- _Supplied entries_
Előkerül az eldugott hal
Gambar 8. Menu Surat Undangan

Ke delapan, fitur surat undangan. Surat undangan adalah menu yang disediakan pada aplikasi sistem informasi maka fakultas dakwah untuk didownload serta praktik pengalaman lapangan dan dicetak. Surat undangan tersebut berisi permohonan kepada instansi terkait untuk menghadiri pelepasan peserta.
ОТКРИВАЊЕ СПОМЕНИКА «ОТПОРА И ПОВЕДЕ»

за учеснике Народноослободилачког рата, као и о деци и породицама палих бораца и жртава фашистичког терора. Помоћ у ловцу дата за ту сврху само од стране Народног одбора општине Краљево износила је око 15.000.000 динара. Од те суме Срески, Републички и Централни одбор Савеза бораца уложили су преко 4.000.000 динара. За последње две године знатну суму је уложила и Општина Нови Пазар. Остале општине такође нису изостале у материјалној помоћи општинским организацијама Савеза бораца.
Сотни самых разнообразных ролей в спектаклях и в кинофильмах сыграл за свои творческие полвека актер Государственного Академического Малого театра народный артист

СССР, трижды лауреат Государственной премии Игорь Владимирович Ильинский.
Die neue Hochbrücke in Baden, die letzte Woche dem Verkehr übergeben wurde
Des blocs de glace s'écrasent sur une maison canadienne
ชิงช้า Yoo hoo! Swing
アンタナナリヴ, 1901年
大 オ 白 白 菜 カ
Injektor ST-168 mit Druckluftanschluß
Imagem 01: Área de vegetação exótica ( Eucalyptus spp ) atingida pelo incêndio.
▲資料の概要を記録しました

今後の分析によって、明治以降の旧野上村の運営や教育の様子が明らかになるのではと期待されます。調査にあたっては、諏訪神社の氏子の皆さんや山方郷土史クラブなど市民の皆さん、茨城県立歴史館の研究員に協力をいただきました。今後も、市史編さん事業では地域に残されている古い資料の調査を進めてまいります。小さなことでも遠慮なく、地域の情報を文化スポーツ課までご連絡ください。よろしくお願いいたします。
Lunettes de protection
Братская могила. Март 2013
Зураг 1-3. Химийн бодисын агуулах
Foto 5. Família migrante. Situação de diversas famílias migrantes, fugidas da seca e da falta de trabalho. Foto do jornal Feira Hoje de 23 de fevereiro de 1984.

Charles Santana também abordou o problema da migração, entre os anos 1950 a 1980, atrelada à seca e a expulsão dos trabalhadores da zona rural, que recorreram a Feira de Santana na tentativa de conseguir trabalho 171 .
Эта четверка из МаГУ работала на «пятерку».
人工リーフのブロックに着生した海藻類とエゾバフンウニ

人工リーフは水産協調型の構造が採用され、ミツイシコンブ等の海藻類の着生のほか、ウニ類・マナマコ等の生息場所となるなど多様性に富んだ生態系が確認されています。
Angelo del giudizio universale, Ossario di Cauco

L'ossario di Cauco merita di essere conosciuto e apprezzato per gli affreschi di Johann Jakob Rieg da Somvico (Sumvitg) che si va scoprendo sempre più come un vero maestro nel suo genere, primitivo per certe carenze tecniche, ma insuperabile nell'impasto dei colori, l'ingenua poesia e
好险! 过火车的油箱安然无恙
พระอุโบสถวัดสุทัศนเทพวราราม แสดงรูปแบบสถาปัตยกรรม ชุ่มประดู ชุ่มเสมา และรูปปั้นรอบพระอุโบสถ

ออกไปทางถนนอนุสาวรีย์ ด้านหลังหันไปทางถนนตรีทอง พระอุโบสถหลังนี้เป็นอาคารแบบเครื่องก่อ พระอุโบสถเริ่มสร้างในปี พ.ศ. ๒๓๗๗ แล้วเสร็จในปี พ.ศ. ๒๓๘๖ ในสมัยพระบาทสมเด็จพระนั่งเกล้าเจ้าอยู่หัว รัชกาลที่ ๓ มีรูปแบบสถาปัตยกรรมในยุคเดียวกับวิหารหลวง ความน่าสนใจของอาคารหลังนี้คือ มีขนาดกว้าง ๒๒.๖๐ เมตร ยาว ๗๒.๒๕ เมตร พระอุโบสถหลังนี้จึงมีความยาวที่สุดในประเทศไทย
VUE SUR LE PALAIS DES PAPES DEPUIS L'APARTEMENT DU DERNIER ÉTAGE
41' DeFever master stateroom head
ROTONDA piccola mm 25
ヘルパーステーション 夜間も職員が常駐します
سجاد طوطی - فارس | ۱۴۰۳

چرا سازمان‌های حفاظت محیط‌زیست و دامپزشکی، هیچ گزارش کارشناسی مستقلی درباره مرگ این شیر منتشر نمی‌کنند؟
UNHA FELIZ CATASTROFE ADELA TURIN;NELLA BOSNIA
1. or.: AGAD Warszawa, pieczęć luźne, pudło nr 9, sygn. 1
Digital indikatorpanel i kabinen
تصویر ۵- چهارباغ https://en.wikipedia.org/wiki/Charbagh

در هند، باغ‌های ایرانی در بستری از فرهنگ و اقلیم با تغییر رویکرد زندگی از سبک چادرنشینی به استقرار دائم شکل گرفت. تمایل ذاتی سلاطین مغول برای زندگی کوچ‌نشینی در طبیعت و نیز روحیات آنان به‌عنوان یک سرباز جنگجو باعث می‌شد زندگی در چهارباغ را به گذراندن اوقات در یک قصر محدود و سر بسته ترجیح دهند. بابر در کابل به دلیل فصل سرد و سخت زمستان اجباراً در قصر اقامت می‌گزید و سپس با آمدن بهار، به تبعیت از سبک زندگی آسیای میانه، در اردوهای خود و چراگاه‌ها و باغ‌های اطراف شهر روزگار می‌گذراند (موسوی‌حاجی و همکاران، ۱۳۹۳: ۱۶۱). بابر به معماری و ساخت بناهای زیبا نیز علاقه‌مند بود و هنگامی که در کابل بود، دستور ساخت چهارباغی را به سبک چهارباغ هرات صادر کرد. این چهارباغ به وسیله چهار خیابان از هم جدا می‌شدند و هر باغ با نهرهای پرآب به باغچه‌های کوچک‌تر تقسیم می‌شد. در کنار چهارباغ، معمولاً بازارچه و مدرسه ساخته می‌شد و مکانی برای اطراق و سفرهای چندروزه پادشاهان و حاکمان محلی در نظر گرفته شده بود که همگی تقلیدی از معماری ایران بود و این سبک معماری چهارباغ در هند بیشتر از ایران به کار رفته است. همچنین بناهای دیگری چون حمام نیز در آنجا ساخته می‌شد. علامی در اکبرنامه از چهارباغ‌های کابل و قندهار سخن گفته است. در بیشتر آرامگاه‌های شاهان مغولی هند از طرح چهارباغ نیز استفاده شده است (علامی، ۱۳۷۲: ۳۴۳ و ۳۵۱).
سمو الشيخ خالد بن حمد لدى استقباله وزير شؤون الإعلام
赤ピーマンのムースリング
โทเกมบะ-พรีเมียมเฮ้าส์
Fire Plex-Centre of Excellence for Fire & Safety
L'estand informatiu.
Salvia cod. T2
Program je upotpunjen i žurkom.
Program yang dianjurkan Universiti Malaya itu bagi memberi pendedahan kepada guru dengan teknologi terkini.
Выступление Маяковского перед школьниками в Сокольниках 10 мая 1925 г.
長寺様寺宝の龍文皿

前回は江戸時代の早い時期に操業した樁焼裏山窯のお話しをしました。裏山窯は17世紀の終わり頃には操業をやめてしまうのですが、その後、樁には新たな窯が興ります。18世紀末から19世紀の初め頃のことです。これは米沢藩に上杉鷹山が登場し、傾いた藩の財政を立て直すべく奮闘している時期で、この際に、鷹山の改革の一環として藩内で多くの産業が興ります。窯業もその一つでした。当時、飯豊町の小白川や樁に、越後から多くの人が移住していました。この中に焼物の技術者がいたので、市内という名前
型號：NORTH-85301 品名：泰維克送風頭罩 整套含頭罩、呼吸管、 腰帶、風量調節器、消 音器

- _Exercise_
Output only an exact transcription of the lines above from the one with "Зураг 1-3. Химийн бодисын агуулах" up to and including the one with "Angelo del giudizio".

- _Answer area_
Зураг 1-3. Химийн бодисын агуулах
Foto 5. Família migrante. Situação de diversas famílias migrantes, fugidas da seca e da falta de trabalho. Foto do jornal Feira Hoje de 23 de fevereiro de 1984.

Charles Santana também abordou o problema da migração, entre os anos 1950 a 1980, atrelada à seca e a expulsão dos trabalhadores da zona rural, que recorreram a Feira de Santana na tentativa de conseguir trabalho 171 .
Эта четверка из МаГУ работала на «пятерку».
人工リーフのブロックに着生した海藻類とエゾバフンウニ

人工リーフは水産協調型の構造が採用され、ミツイシコンブ等の海藻類の着生のほか、ウニ類・マナマコ等の生息場所となるなど多様性に富んだ生態系が確認されています。
Angelo del giudizio universale, Ossario di Cauco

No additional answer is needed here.